There are many different (hardware) redundancy solutions one can add to your Unraid system. It is just a matter of how far you want to take it and how important your data is to you.

Slider always moves between cost on one side and highest possible data redundancy on the other side.

Benefit which hot spare feature would bring is the fact that the feature is fully automatic from the time a hot spare has been made available.

Another benefit is that the time your array runs in degraded mode is reduced.

Some posts expressed worry that in case unraid encounters a bad SATA connection a hot spare will kick in. (when available)

Exactly what I would want! First priority is the health of the array.

Other posts have mentioned the problem of having a hot spare available at disk array's with different disk capacities.

Well that is true.

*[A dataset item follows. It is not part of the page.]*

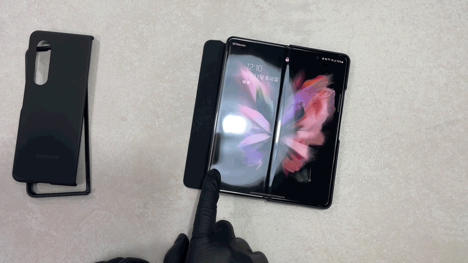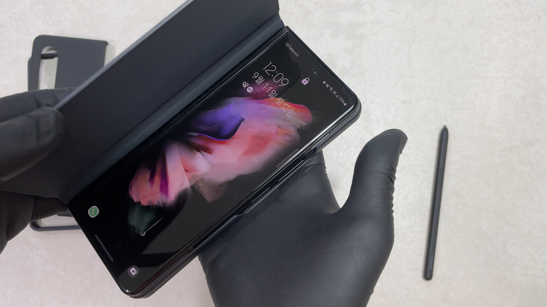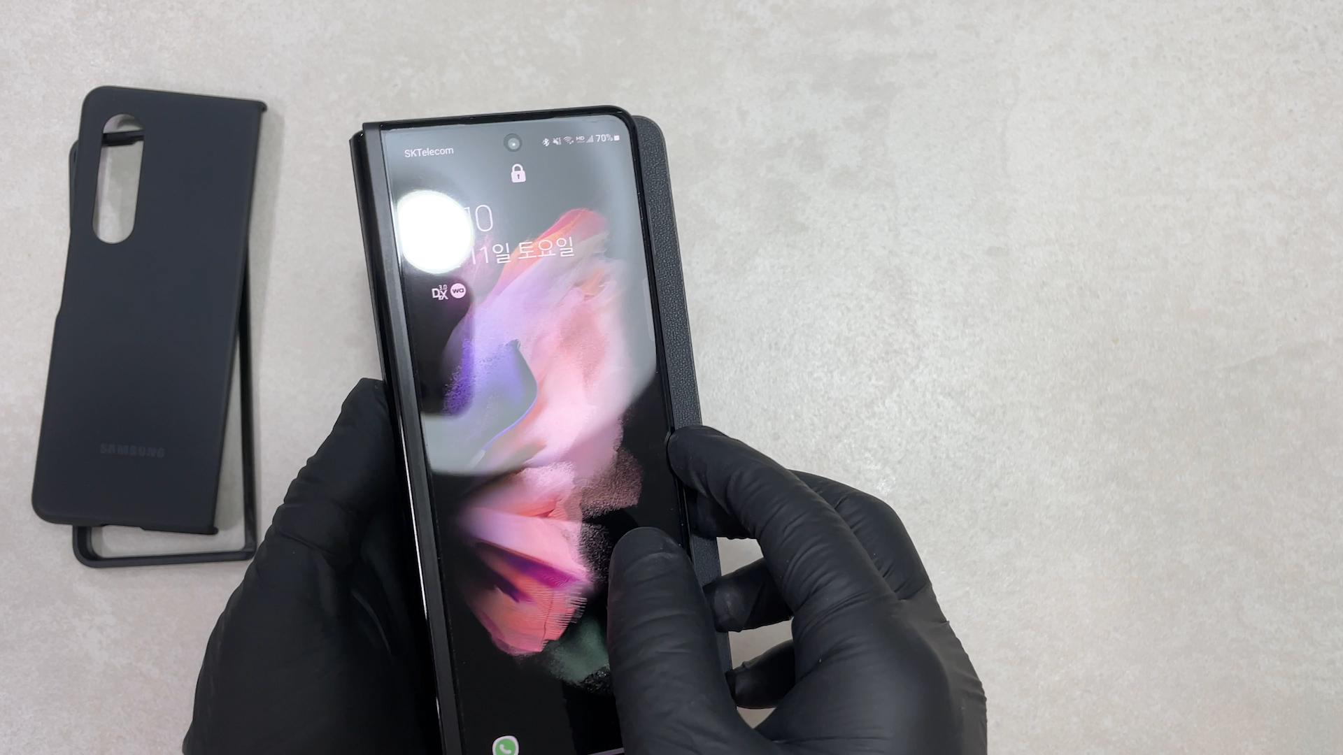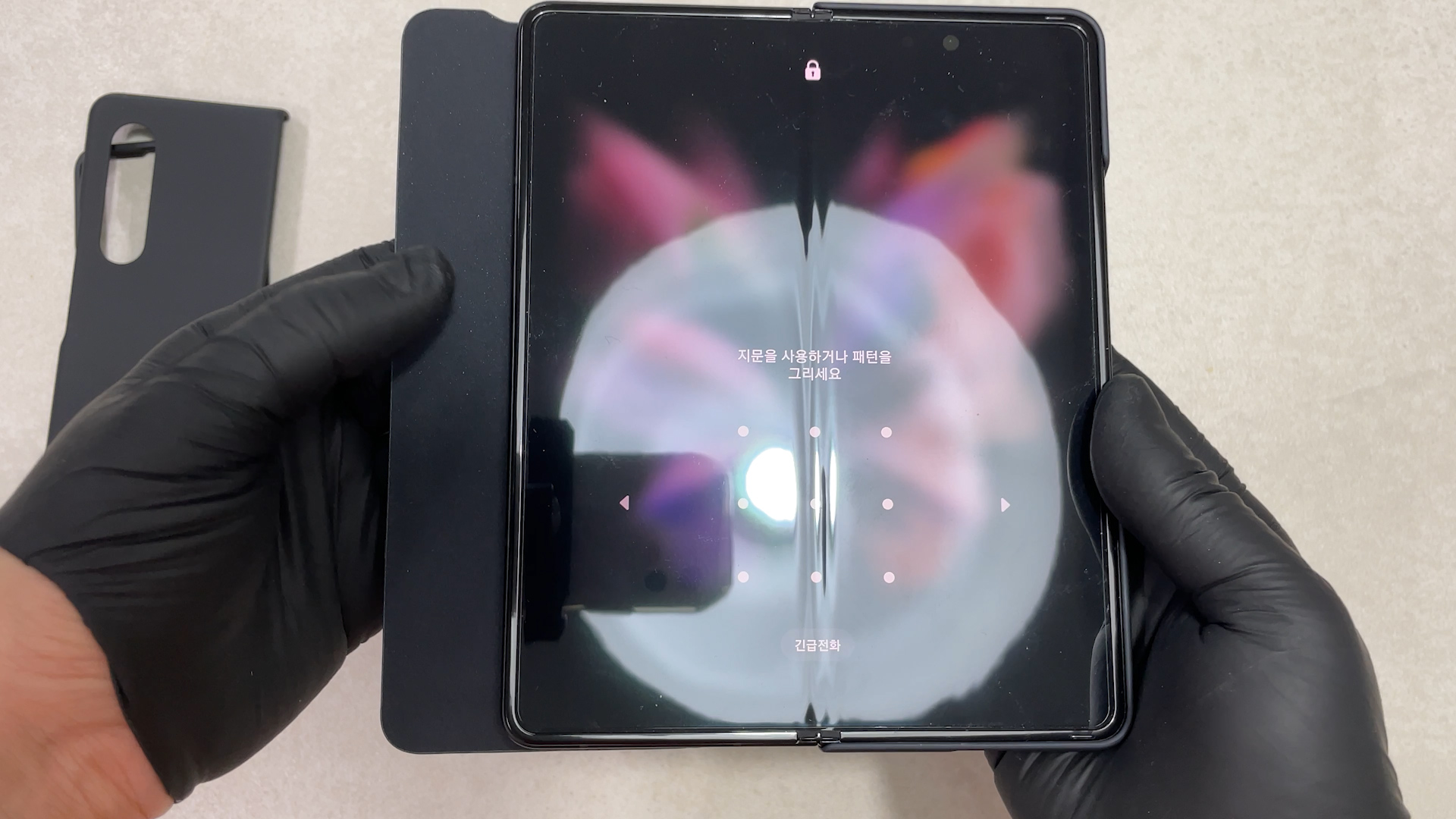 이 케이스를 갤럭시 폴드3에 착용한 상태예요 탈착을 위해서 홀이 있는데 이게 단점이고
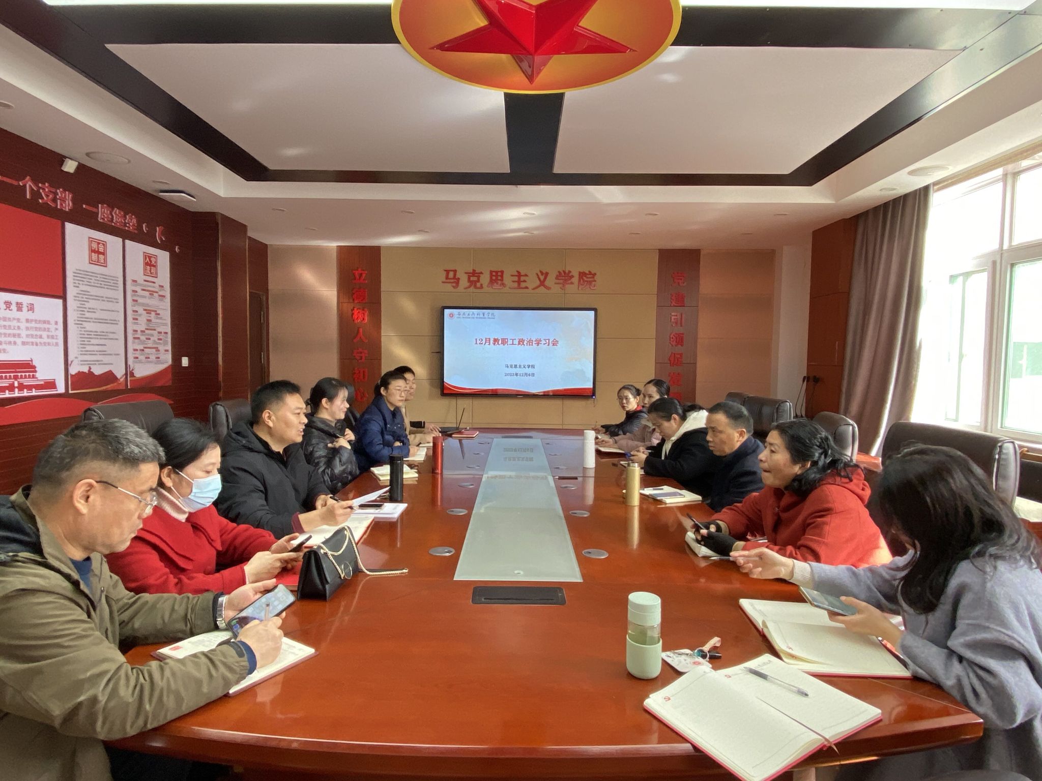 12月6日,马克思主义学院全体教师在明德楼1号会议室开展了本学期第4次教职工政治学习,全体思政课教师参加会议。

It is a bit more work when you use disks with different capacity to come to the correct disk size you need. 

In this case it is more easy to use disks with same capacity for every drive pool.

 

If hot spare feature is optional one could choose to use this feature or not. 

A choice to have a global or local hot spare would complete the whole.
 

Would it not be a very peaceful thought when I am at work and I do not have to worry about my unraid system at home in case my Unraid system could have a hot spare available....

Proactivity is the definition of being in control.

 

Cheers,

 

Marcel

 

 

 

 

 

Share this post


Link to post
43 minutes ago, SME Storage said:

Exactly what I would want! First priority is the health of the array.

 

A traditional RAID has a much larger need for hot spare support because a traditional RAID that loses one disk more than the number of parity disks will suffer a 100% data loss.

 

unRAID doesn't stripe the data - every single data disk has a separate file system. So a unRAID system with one parity drive that loses two disks will lose 1 or 2 data disks (depending on if one of the failed disks was the parity) - the other data disks will continue to supply valid file content.

 

An unRAID system with dual-parity will lose the data from 1, 2 or 3 data disks in case 3 disks fails at the same time. The other disks will continue to supply valid file content.

 

Since a traditional RAID requires you to read back every single file from backup sources if you lose one disk too much, it's quite obvious why the recommendation is to have hot spare support. Parity is about availability (not replacement for backup) and a full restore of all files from the backup is very far from the availability goals.

 

51 minutes ago, SME Storage said:

A choice to have a global or local hot spare would complete the whole.

 

Note that unRAID supports a single parity-protected array. Besides the array, you can use BTRFS mirroring - commonly used to get redundancy for a cache pool - especially if the cache pool is used to store VM.

Share this post


Link to post

Thank you very much for your post.

 

At work I manage allmost one petabyte of data. Used raid solution is based on traditional raid (raid-4-DP). The file system is striped over multiple raid arrays.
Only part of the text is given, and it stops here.